Please start any new threads on our new site at https://forums.sqlteam.com. We've got lots of great SQL Server experts to answer whatever question you can come up with.

 All Forums
 General SQL Server Forums
 New to SQL Server Administration
 CXPACKET waits

Author  Topic 

MariusD
Starting Member

7 Posts

Posted - 2012-06-13 : 13:17:06
I am trying to troubleshoot erratic query run times on this server. I started by noticing that some sp run between < 1 minute and 4-5 hours at a time. Then, I noticed CXPACKET waits. MAXDOP was set to 2, cost threshold for parallelism set to 5. This is a 4 processor, NUMA based server, running both OLAP and OLTP databases (but no high volume transaction databases). I changed the threshold to 25 and ever since all sp's did behave nicely. However, I am still experiencing queries generated by Cognos which get stuck for hours waiting for CXPACKET. Top ten wait statistics, show CXPACKET waits accounting for 40% overall, everything else < 1% but bear in mind, those numbers are mostly for the old setting, maxdop = 2 and thershold = 5. ( 5 days with new settings and 6 months with old).

1) CXPACKET waits are 40% of all waits, seems like that is a problem?
2) Should I start by setting parallelism settings to best practices values, that is, maxdop=4 and threshold = 5 (or should I leave it at 25, since it works for teh sp's)?

Any suggestions are appreciated.. thanks!!!

tkizer
Almighty SQL Goddess

38200 Posts

Posted - 2012-06-13 : 13:40:48
Why do you have both OLAP and OLTP databases on the same server? Generally they do better with different MAXDOP settings.

I wouldn't say that MAXDOP=4 is the best practice here. Do you have an article that shows that?

Tara Kizer
Microsoft MVP for Windows Server System - SQL Server
http://weblogs.sqlteam.com/tarad/

Subscribe to my blog
Go to Top of Page

jackv
Master Smack Fu Yak Hacker

2179 Posts

Posted - 2012-06-13 : 14:10:34
CXPPACKET is normal in a multi core environment. The tkizer observation is a good one re: OLTP\DSS . You've switched the maxdop which has solved some problems , but maybe caused others.
Try: 1) identify which queries are running in parallelism and why?
Are they frequent?
2)OLTP normally works better with lower parallelism setting, consider lowering parallelism - having first identified \ adjsuted (?) some queries

Jack Vamvas
--------------------
http://www.sqlserver-dba.com
Go to Top of Page

MariusD
Starting Member

7 Posts

Posted - 2012-06-13 : 14:41:17
quote:
Originally posted by tkizer

Why do you have both OLAP and OLTP databases on the same server?
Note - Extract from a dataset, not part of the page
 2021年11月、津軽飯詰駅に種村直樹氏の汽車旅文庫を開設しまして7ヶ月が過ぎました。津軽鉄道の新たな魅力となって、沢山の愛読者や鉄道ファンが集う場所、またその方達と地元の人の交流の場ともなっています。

Generally they do better with different MAXDOP settings.
Good question... That's how it was set up long before I started here (3 months ago).
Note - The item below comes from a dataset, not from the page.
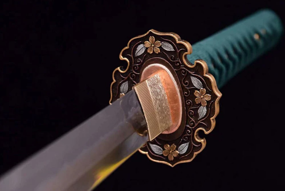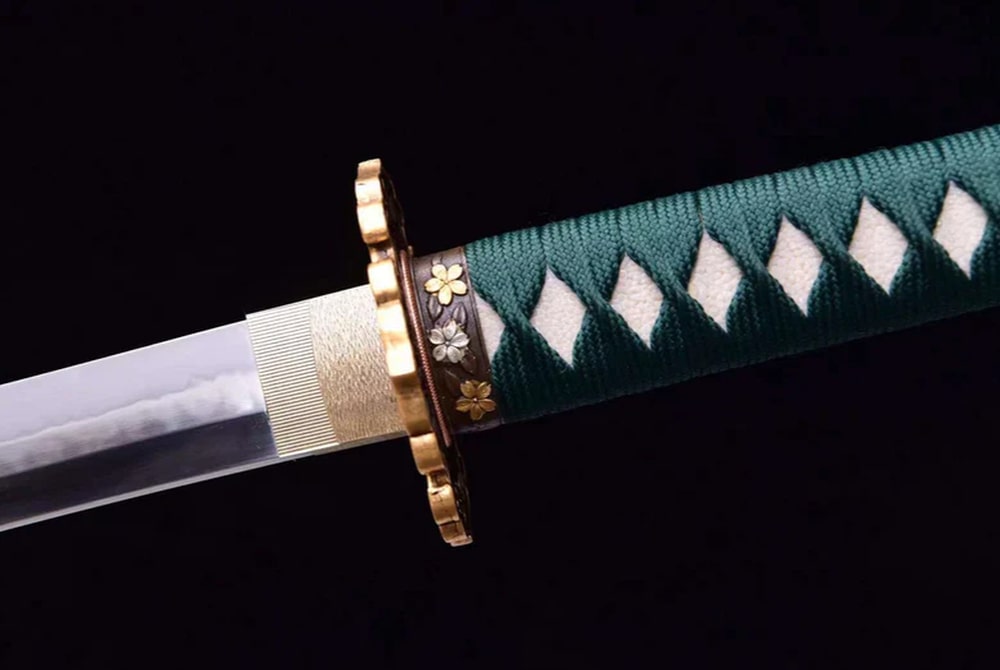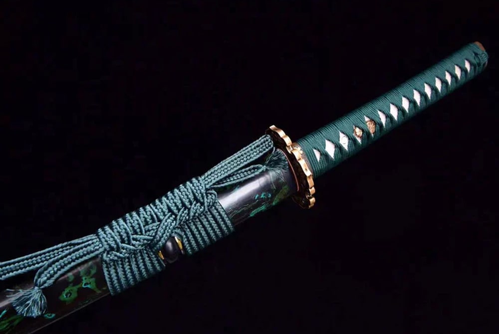 Discover the Midori no Ha Katana, a beautifully forged T10 steel sword featuring a distinctive Choji Hamon that highlights its meticulous craftsmanship. The green handle decorated with traditional motifs offers classic elegance, while the copper tsuba is embellished with delicate floral designs. Ideal for collectors and admirers of fine Japanese craftsmanship.

I wouldn't say that MAXDOP=4 is the best practice here. Do you have an article that shows that?
Here's a reply by Jonathan Kehayias to an article of Dave Pinal, where Dave was suggesting setting MAXDOP to 2 for a mixed environment and cost of threshold to 25.

http://blog.sqlauthority.com/2011/02/06/sql-server-cxpacket-parallelism-usual-solution-wait-type-day-6-of-28/

reply:
CXPACKET waits aren’t necessarily bad, or even a sign of a problem, they are normal and expected if queries are executing using parallelism. I wouldn’t recommend that CXPACKET alone ever be considered a reason to reduce or change the configuration of the ‘max degree of parallelism’ configuration option. Most newer servers are going to be NUMA based systems, and the best practice recommendation for this configuration option is to set it to the number of processor cores in a single NUMA node. Generally speaking this best practice is not followed, and most recommendations show changing the ‘max degree of parallelism’ configuration option to 1 or 2 whenever the topic of CXPACKET comes up.
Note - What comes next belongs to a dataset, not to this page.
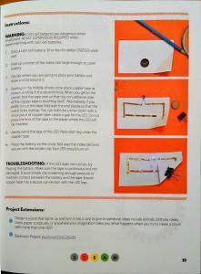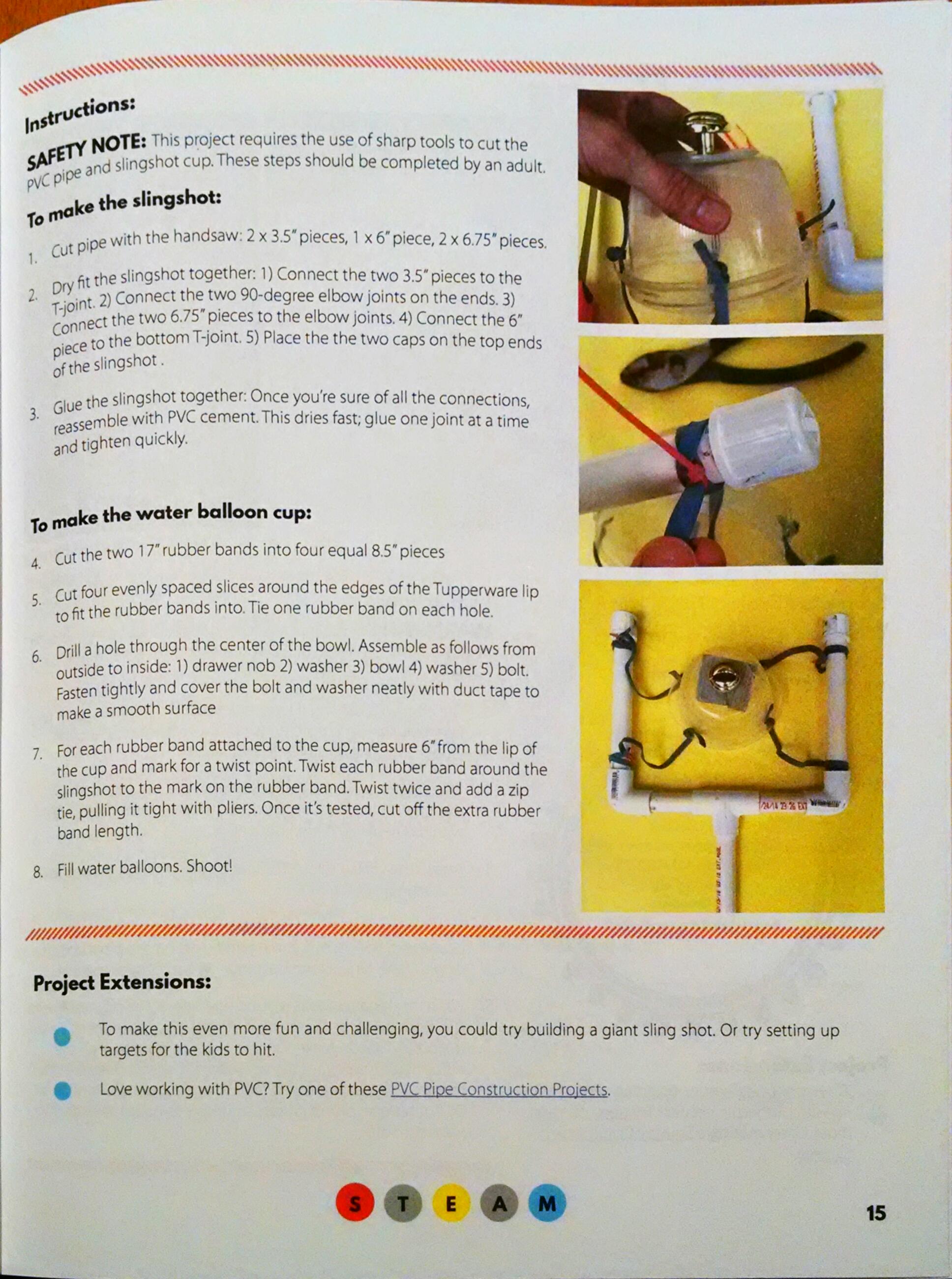 Some answers to the question “What’s the STEAM behind it?” are really good scientific explanations. Others are not as strong. For example, with the “insect hotel” of plastic straws, it doesn’t explain whether / why insects would be attracted to the plastic straws. The PVC slingshot is a great idea. But the STEAM section says “it takes trial and error to discover the most effective slingshot design.” So the STEAM only applies if you design your own slingshot, not if you follow the wonderfully detailed directions. A better STEAM concept for this project might have focused on using the slingshot once assembled – how far does it shoot – if you tweak the design will it shoot further? Gelatin science on page 75 says it’s about “the reflecting and refracting of light” but does not explain those terms.

My recommendation, especially on newer NUMA based systems is always to first set it following best practices to the number of physical cores in a single NUMA node and then monitor. You can find the number of schedulers in each NUMA node by querying the online_scheduler_count from sys.dm_os_nodes. Even for data warehouse environments, this should be set initially following this practice unless testing has shown that leaving it at 0 is actually best, which is possible.

After making the change monitor not just wait types, but also for how the system is performing. Look for queries that run under parallelism and test them manually using different levels of DOP using the OPTION(MAXDOP n) query hint to see if reducing parallelism actually improves or harms performance. You might find that reducing it for one query improves performance while the rest of the workload shows a performance decrease from that same tested reduction. In that case putting the query hint in, either as a plan guide for the individual query, or by changing the code if you have access, would yield better returns.

Raising the cost of threshold to 25 has definitely helped, I don't have any more problems with sp's, only once in a while a Cognos-generated query hangs for hours in a CXPACKET wait. I guess I'll wait to see what teh wait statitics show tomorrow, I have just reset them this morning.


Tara Kizer
Microsoft MVP for Windows Server System - SQL Server
http://weblogs.sqlteam.com/tarad/

Subscribe to my blog

Go to Top of Page

MariusD
Starting Member

7 Posts

Posted - 2012-06-13 : 14:44:02
quote:
Originally posted by jackv

CXPPACKET is normal in a multi core environment. The tkizer observation is a good one re: OLTP\DSS . You've switched the maxdop which has solved some problems , but maybe caused others.
No, maxdop is the same, I raised the cost of threshld to 25 and it has helped, but it has not solved the problem entirely.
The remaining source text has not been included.